Liberty is an inherently offensive lifestyle. Living in a free society guarantees that each one of us will see our most cherished principles and beliefs questioned and in some cases mocked. That psychic discomfort is the price we pay for basic civic peace. It's worth it. It's a pragmatic principle. Defend everyone else's rights, because if you don't there is no one to defend yours. -- MaxedOutMama

I don't just want gun rights... I want individual liberty, a culture of self-reliance....I want the whole bloody thing. -- Kim du Toit

The most glaring example of the cognitive dissonance on the left is the concept that human beings are inherently good, yet at the same time cannot be trusted with any kind of weapon, unless the magic fairy dust of government authority gets sprinkled upon them.-- Moshe Ben-David

The cult of the left believes that it is engaged in a great apocalyptic battle with corporations and industrialists for the ownership of the unthinking masses. Its acolytes see themselves as the individuals who have been "liberated" to think for themselves. They make choices. You however are just a member of the unthinking masses. You are not really a person, but only respond to the agendas of your corporate overlords. If you eat too much, it's because corporations make you eat. If you kill, it's because corporations encourage you to buy guns. You are not an individual. You are a social problem. -- Sultan Knish

All politics in this country now is just dress rehearsal for civil war. -- Billy Beck

Tuesday, October 14, 2003

PRE-FVCKING-CISELY!

Den Beste (I'm getting repetitive, I know) comments on our two-party system and the stability it lends in this piece, (and as always, RTWT) but here is the kicker quote that current high-school graduates and almost anyone who call themselves liberals just don't get:
In general, we tolerate a great deal which in Europe would be suppressed as "hate speech". We let Holocaust Deniers make their case, which is also illegal in much of Europe. There's no benefit in letting them exist, but there's a huge benefit in not having the government decide what is and is not "acceptable" political speech (including "hate speech"), since there's such a huge potential for abuse if it has that power.
That's the founding concept behind the Constitution and the Bill of Rights - restriction of government power because of the huge potential for abuse.

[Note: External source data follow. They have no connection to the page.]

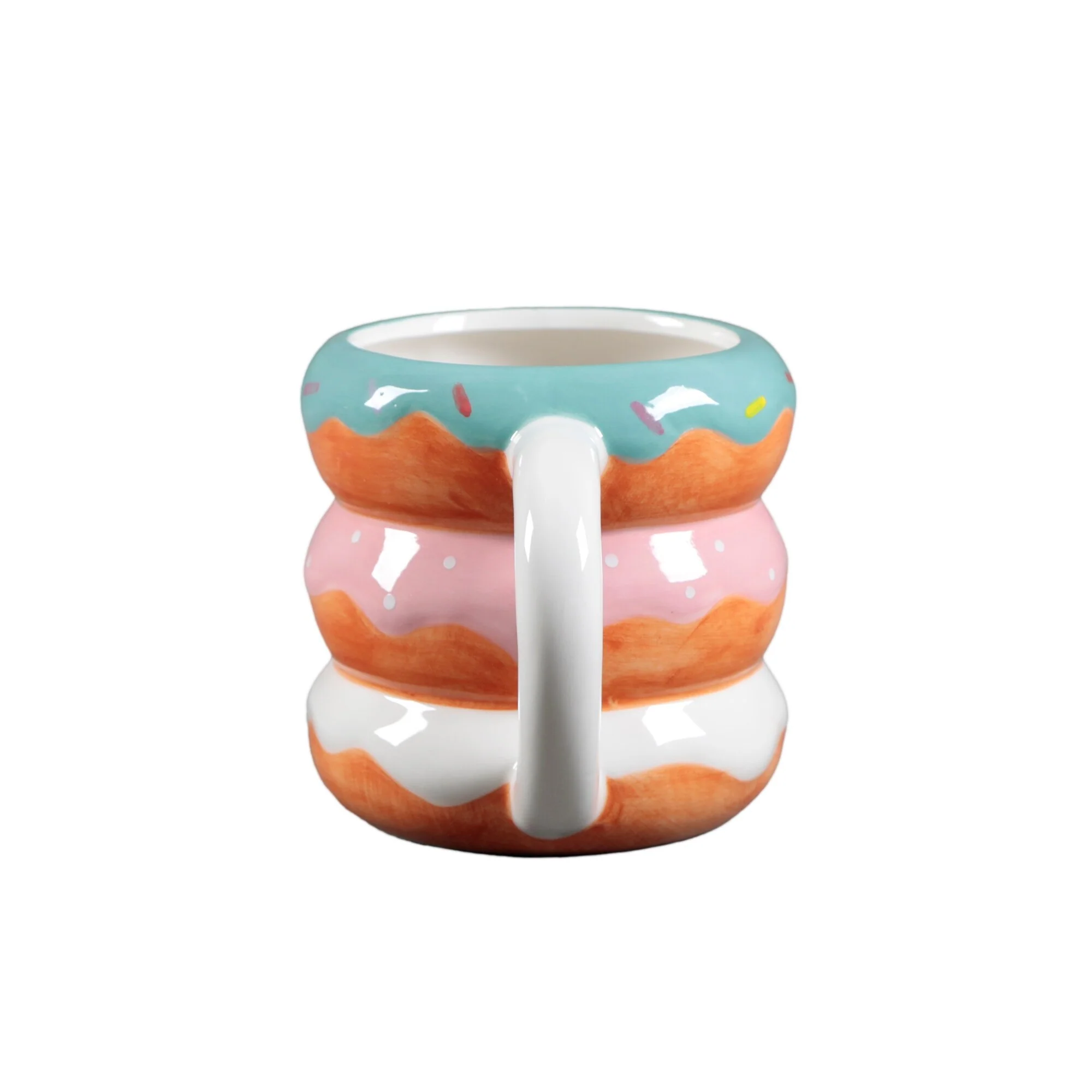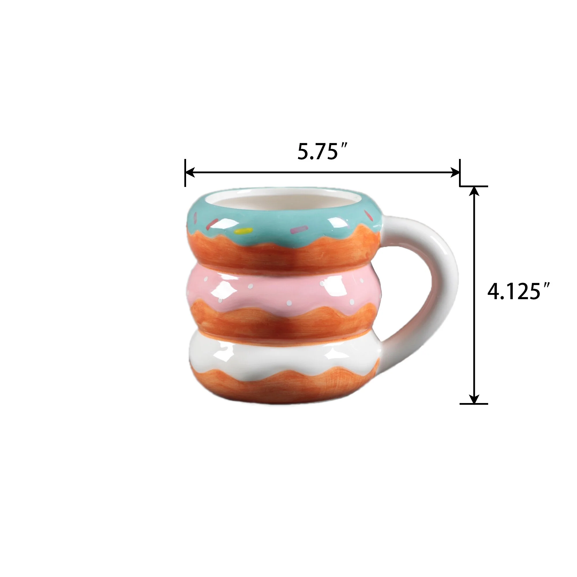 Indulge your mornings with this whimsical donut stack ceramic mug. Featuring vibrant pastel glazes with sprinkles and frosted layers, this mug mimics a stack of delicious donuts, making it a playful addition to your kitchenware. The glossy ceramic finish ensures easy cleaning, while the sturdy handle offers a comfortable grip. Perfect for coffee, tea, or hot cocoa lovers, this mug adds a sweet touch to your daily routine or makes a fun gift for donut enthusiasts.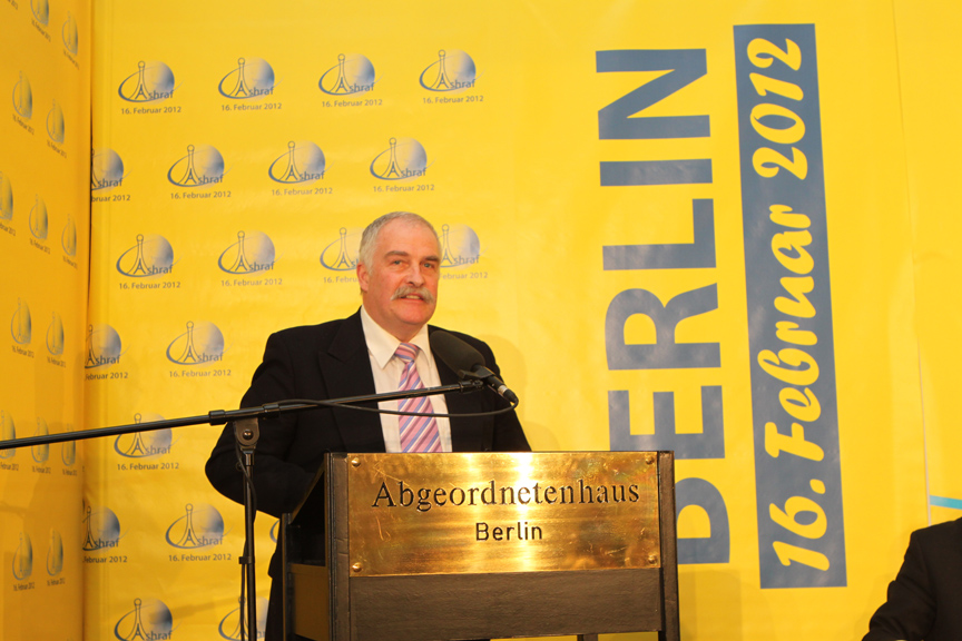 Christian Zimmermann Mitglied des Vorstandes des DSFI und Herausgeber von „Spotlight Menschenrechte“Für unseren Umgang mit dem Iran, wo auch immer, oder wie jetzt 'mal wieder in Wien: Wir brauchen eine klare und unmissverständliche Anspracheund harte Forderungen an das Regime:Stoppen Sie ihre unmenschliche und allen internationalen Prinzipien widersprechende Politik gegen das eigene Volk und gegen den Weltfrieden! Alle Teilnehmer dieser Konferenz waren sich in diesem Punkt einig.Diktaturen brauchen energischen und unbeugsamen Widerstand, auch wenn er einen hohen Preis erfordert - bis hin zum Einsatz des eigenen Lebens.Heute ist der 8. April, der Internationale Tag des Gedenkens an den Holocaust, an das unvorstellbareVerbrechen an den Juden durch einen Staat, nämlich das Deutsche Reich unter seinem Führer Adolf Hitler, seine Schergen und Mitläufer.Ich war dabei, als die Präsidentin des iranischen Widerstandes , Frau Maryam Rajavi, anlässlich ihresersten Berlinbesuches das Mahnmal für die ermordeten Juden in Europa besuchte. Damit machte sie deutlich , dass jede Diktatur zum Widerstand verpflichtet und die Verbrechen gegen die MenschlichkeitundVölkermord den Widerstandskampf legitimieren.In Wien finden wider einmal Verhandlungen mit den Vertretern des Iran statt. Statt klarer Forderungen und der Berücksichtigung der Menschenrechte als elementaren Teils der Gespräche höre ich schon wieder aus den Verlautbarungen der europäischen Vertreter Beschönigungen.Stoppen Sie endlich Ihr Verständnis für eine der schrecklichsten Diktaturen der Welt.Wir verlangen das Ende der Diktatur, das Ende der Hinrichtungen, der willkürlichen Verhaftungen und Haftbedingungen, der Folter und der gesellschaftlichen Unterdrückung. Wir fordern internationale Solidarität mit der Opposition und demiranischen Volk!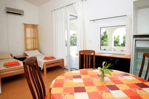 Na pláži je bar a restaurace. Novalja je vzdáleno 8 km od apartmánů Silva Zrce je 12 km daleko.

Every single law that is passed has a potential for abuse. Each new law confers a new or greater power to government, thus increasing the risk of future abuse. And it's, if not a logarithmic, at least a geometrically increasing expansion. I wrote a long time ago (Bloggers archives seem to be screwed at the moment) "It's frightening when you think that we started out with just ten commandments". While our Founders didn't establish a two-party system in the Constitution, and in fact some railed against the Party system, it has proven to be one of the things that has kept America stable and moderate over the course of over 250 years.

It works.

So of course progressives want to change it.